3.1. Actuator Structures Processed from PMN-PT Single Crystals
The most common type of PMN-PT actuators reported in the literature is the bending type [34, 37, 53]. Kim et al. [37] showed that the tip displacement of the bending-type PMN-PT single-crystal actuators can be several times larger than ones made from PZT ceramic actuators of the same design. The reported normalized displacement (displacement per unit length of the actuator) for a PMN-PT single-crystal actuator and PZT ceramic actuators were 38 μm/cm and 2.5 μm/cm at 10 V (0.67 kV/cm), respectively. Another benefit of the PMN-PT single-crystal bending actuators is that they operate at relatively low voltages and, therefore, with a low power consumption. Ko et al. [34] reported the use of an actuator structure composed of two parallel multilayer PMN-PT actuators for optical-disk-drive applications [34, 54].
Stacked structures with active PMN-PT single-crystal layers were also considered as a solution for an improvement of the bending capabilities of actuators. Woody et al. [55] discussed the results of an investigation of the PMN-PT actuators for adaptive structures in space applications. The actuators were realised as stacked structures with several (up to 40) 0.5-mm-thick active 0.68PMN-0.32PT single-crystal layers with a diameter of 5 mm. It was demonstrated that the actuators had at least two-times-lower power requirements, more than three-times-higher strains generated, higher displacements at cryogenic temperatures, and high bandwidth in comparison to the PZT actuators.
Park and Horsley [58] reported on the fabrication and characterisation of an MEMS-based deformable mirror for ophthalmologic adaptive optics constructed by using single-crystal PMN-PT. Basically, the structure is composed of a 30 μm active PMN-PT membrane layer bonded onto a 5 μm passive single-crystal silicon layer with a 1-μm-thick conductive epoxy. The maximum displacement of such a membrane structure (with 100-nm Cr/Au electrodes on the top and bottom) was over 20 μm for the applied voltage 20 Vpp, which was found to be appropriate for the application.
Wilkie et al. [59] reported on the results of their investigation of a composite actuator structure manufactured by using a layer of 0.68PMN-0.32PT single-crystal fibres in an epoxy matrix, packaged between interdigitated electrode polyimide films.
3.2. Actuator Structures Processed from the PMN-PT Bulk Ceramics and Films
Ngernchuklin et al. [60] processed piezoelectric/electrostrictive PMN-PT ceramic actuators by dry pressing the powder and sintering at 1150°C. The actuators were prepared as a bilayer composite of 0.65PMN-0.35PT and 0.90PMN-0.10PT layers.

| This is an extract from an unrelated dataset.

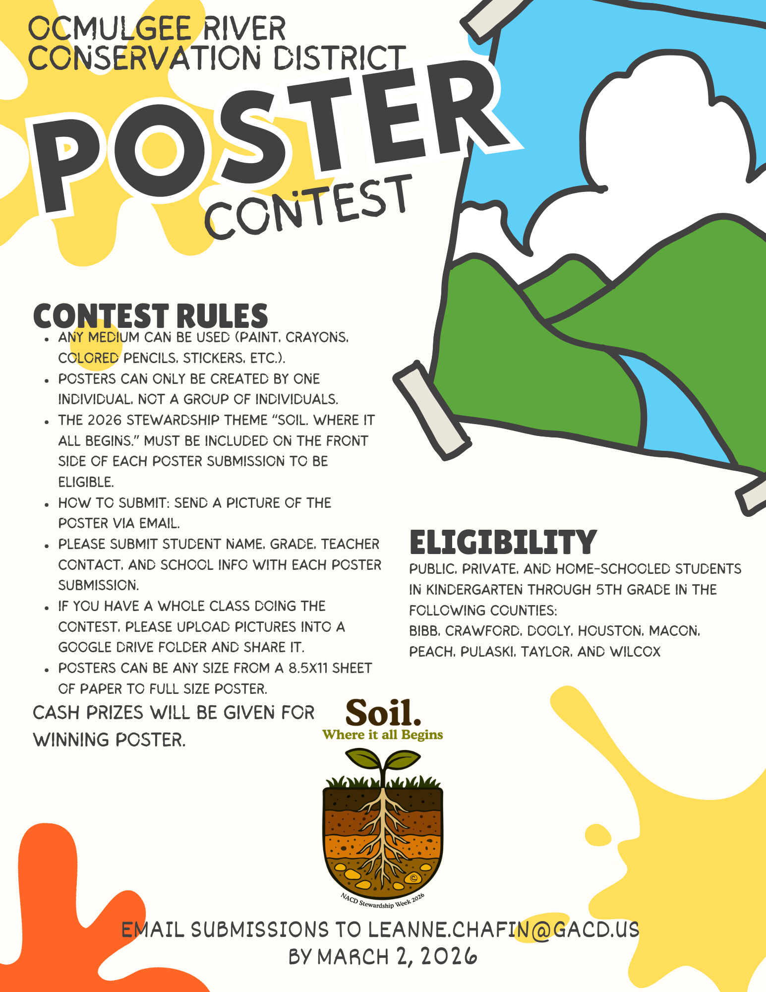 Perry, GA January 21, 2026—The Ocmulgee River Soil and Water Conservation District (SWCD), a local agency dedicated to the conservation and stewardship of the area’s natural resources, is now accepting entries for their Poster Contest for students located within the District’s service area. The service area includes Bibb, Crawford, Dooly, Houston, Macon, Peach, Pulaski, Taylor, and Wilcox counties. Education is a critical element of the conservation effort at the local, state and national levels. Educating young people about the benefits of conservation helps to ensure the next generation will be wise stewards of America’s natural resources.

In an earlier report [56] from the same research group, there are the results of an investigation of piezoelectric/electrostrictive PMN-PT actuators with dimensions of 2.6 cm × 11 mm × 2.3 mm prepared by tape casting. The maximum tip displacement of those actuators was 11 μm at 3 kV/cm (a normalized tip displacement per length of 4 μm/cm). Recently, the same authors [4] reported on improved actuator characteristics; that is, the tip displacement of a piezoelectric/electrostrictive PMN-PT actuator with dimensions of 3 cm × 8 mm × 1.2 mm was up to 40 μm at 5 kV/cm (the calculated normalized displacement is 13 μm/cm).
There are only few reports on thick-films actuators. Generally, thick-film piezoelectric actuators have smaller displacements and exert weaker forces in comparison to their bulk relatives. This is because a stiff and relatively thick substrate in comparison to the active piezoceramic film always reduces the bending ability of the thick-film actuator structure. However, a novel approach to manufacturing large-displacement 0.65PMN-0.35PT/Pt (PMN-PT/Pt) actuators by using thick-film technology based on screen printing of the functional layers was recently presented by Uršič et al. in [32]. The actuators were prepared by screen printing the PMN-PT film over the Pt electrode directly onto an Al2O3 substrate, which results in a poor adhesion between the electrode and the substrate, enabling the PMN-PT/Pt thick-film composite structure to be simply separated from the substrate. In this way, a “substrate-free” actuator structure was manufactured. The normalized displacement of these actuators is very high, that is, 55 μm/cm at 3.6 kV/cm [32]. In Figure 1, the scheme of the cross-section of the PMN-PT/Pt actuators and photographs of the actuators are shown.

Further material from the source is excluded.